───── STORED DATA

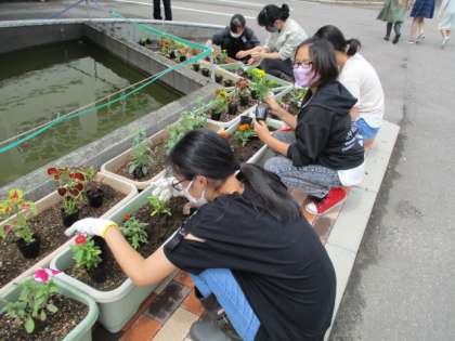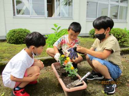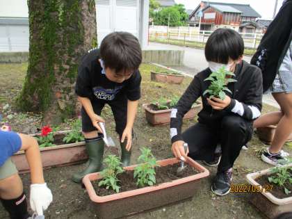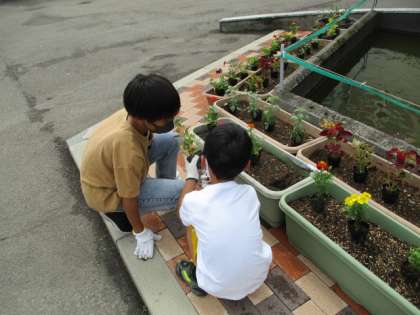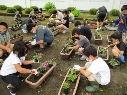 笑顔いっぱい委員会の呼びかけで、苗を植えたい人を募集し、プランターに花の苗を植えました。倉垣小学校を花で明るくしようと、たくさんの児童が参加しました。また、上学年が下学年に教えながら植える姿も見られ、みんなで協力して活動しました。きれいに咲くのが楽しみですね。
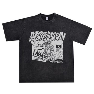 西班牙激流技術鞭撻金屬搖滾組合AGGRESSION樂隊水洗做舊T恤男女
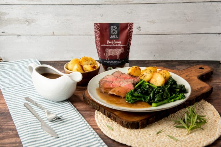 Low FODMAP Roast Beef with Crispy Rosemary Roast Potatoes & Green Veg
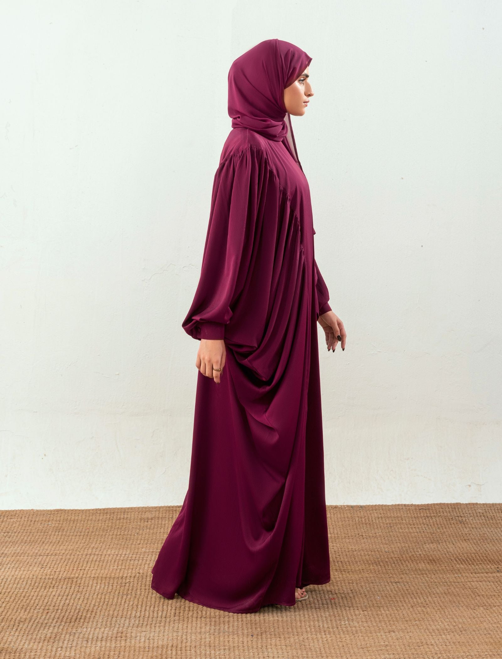 Bold, flowy, and effortlessly chic. This abaya is made to make a graceful statement. Its dramatic silhouette blends comfort with sophistication, making it perfect for dinners, dawats, or any moment you want to stand out without saying a word.

──────────

* **ASSIGNMENT**: Reproduce the material in full, word for word, and omit the pictures.

* **TASK ANSWER**:
 笑顔いっぱい委員会の呼びかけで、苗を植えたい人を募集し、プランターに花の苗を植えました。倉垣小学校を花で明るくしようと、たくさんの児童が参加しました。また、上学年が下学年に教えながら植える姿も見られ、みんなで協力して活動しました。きれいに咲くのが楽しみですね。
 西班牙激流技術鞭撻金屬搖滾組合AGGRESSION樂隊水洗做舊T恤男女
 Low FODMAP Roast Beef with Crispy Rosemary Roast Potatoes & Green Veg
 Bold, flowy, and effortlessly chic. This abaya is made to make a graceful statement. Its dramatic silhouette blends comfort with sophistication, making it perfect for dinners, dawats, or any moment you want to stand out without saying a word.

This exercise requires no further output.